So You Think You Have Tried Everything, Do You? Then Think Again. Part IV

When everything in Tiers I and II have failed, we are halfway there.  Here are some of the things to try at this next level.

Abortive / Symptomatic-Pharmacological Treatment Tier IV

Intravenous Infusions 

The role for IV therapy in headache treatment is in one of several situations including the following;

1)      The first is where someone has entered a cycle of very severe and daily headaches,

2)      Where the preventatives have not been working and we need a way to break a prolonged cycle,

3)      Where someone is in rebound headaches and needs help cutting back on the rebounding medications.


IV treatments include one or a combination of several medications that might include;

1)      DHE -45 (dihydroergotamine),

2)      An anti-emetic such as metoclopramide,

3)      Magnesium,

4)      Depacon® (IV form of Depakote)

5)      Others






Pros: These IV solutions can be very effective in treating headaches even when all else has failed.




The hope is that these will give lasting benefit. Sometimes they only help for days, which is not worth the effort. It is expensive to do IV therapy., but IV medications can have more of a side effect.


Arranging IV meds can be difficult. We are working on creating an IV center as part of the Pacific Rim Headache Center. But until that is up and running, we have to rely on home infusion services.

Chronic Daily Opioids 

This is the intentional prescription of daily narcotics to treat the headaches.

Pros:For some people, this is the only avenue left for help.



The cons are many.  For one, it is a given that if you take these narcotics on a daily basis, you become addicted.  That addiction can complicate a person’s life.


In some studies, the daily prescribing of narcotics didn’t improve the overall quality of a person’s life but lessened it.

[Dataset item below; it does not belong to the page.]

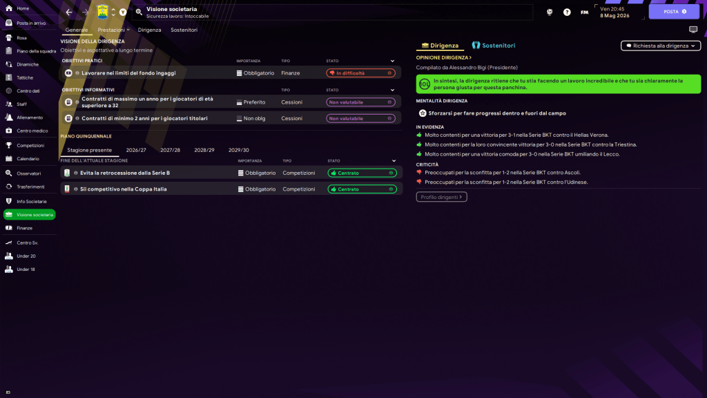 Riuscire a tenere la categoria era importante per non arrestare questo processo di crescita iniziato con la promozione in C. Il prossimo step sarà quello di consolidarci a questo livello e iniziare a creare profitti, per il momento tramite possibili plusvalenze che ci permettano di ottenere le risorse per investire nella crescita a 360° del club. Il nostro mercato sarà improntato alla cessione di calciatori non più utili o fuori dal progetto e all’acquisto di svincolati, possibilmente giovani, cercando di aumentare il livello in tutti i reparti, con un focus particolare sul terzino sinistro e in mediana dove non abbiamo titolari decenti.

Daily narcotics, by law, must be given at special pain clinics and those are sometimes hard to find.


Pain medication can cause rebound headaches and over time, the headache condition actually worsens.  This is why many headache clinics don’t think there is a place for daily narcotics, while some do.



Prevention Non-pharmacological / Tier IV

Supplements No additional ones to add at this level

Nerve stimulation


Either two point (bi-occipital) or four point (bi-occipital + bi-greater orbital) nerve stimulation. These procedures also go by names such as the “Reed Procedure” or the “Omega Procedure.”

Pros:The limited studies done so far show that these tend to be highly effective even for patients who have failed everything else.  However, they don’t work for everyone.



These are invasive procedures requiring wires to be connected directly to the nerves under the skin and then wearing a stimulator that has been surgically implanted. The procedure is expensive, my estimate is $10-20,000 and may not be covered by your insurance.

Headache Surgery 

This is a procedure where a surgeon cuts away tissue from around nerves outside the cranium.

Pros:The plastic surgeons who do these procedures claim to have a very good response.  However, there has only been one study done so far.  If this did work, it would be a permanent solution to the headaches. We are working with a plastic surgeon in Anacortes who can do the decompression procedure.



These procedures have not been approved by the American and International Headache Societies due to lack of evidence. These procedures can be expensive and insurance companies do not cover them.



Prevention Pharmacological / Tier IV

Daily Triptans Pros:There have been a couple of studies looking at the benefit of using daily triptans, such as naratriptan, as headache preventatives and they seem to support their benefit.  Many patients report that these are the only thing that gives them relief.  We have pretty good data on the use of daily triptans and they appear to be safe. However, long term studies have not been done yet to establish compete safety.


Triptans can cause rebound headaches, where the headaches actually worsen with their frequent use.  The next major problem is that triptans are expensive and insurance companies usually only pays for 12-18 per month.

Inpatient (Quaternary) Treatment Centers Pros:These are hospital-based treatment centers that offer intense, round the clock, headache diagnosis and treatment. The staff at these centers are all highly trained in headache treatment, which separates them from a usual hospital stay.  Most of them have demonstrated effective treatment, even in patients who have failed other treatments. It is also an excellent place to be wean off, in a compassionate way, medications that might be causing rebound headaches.


Because insurance companies pay poorly for this important service, there are only a few such centers in the U.S. so it requires travel.  We work with the first one ever developed, Michigan Headpain and Neurologic Institute, in Ann Arbor, Michigan.  These programs can be expensive. If they have had any criticism it is the fact that the patient can do better in that controlled environment, but then might deteriorate when they are in their home setting.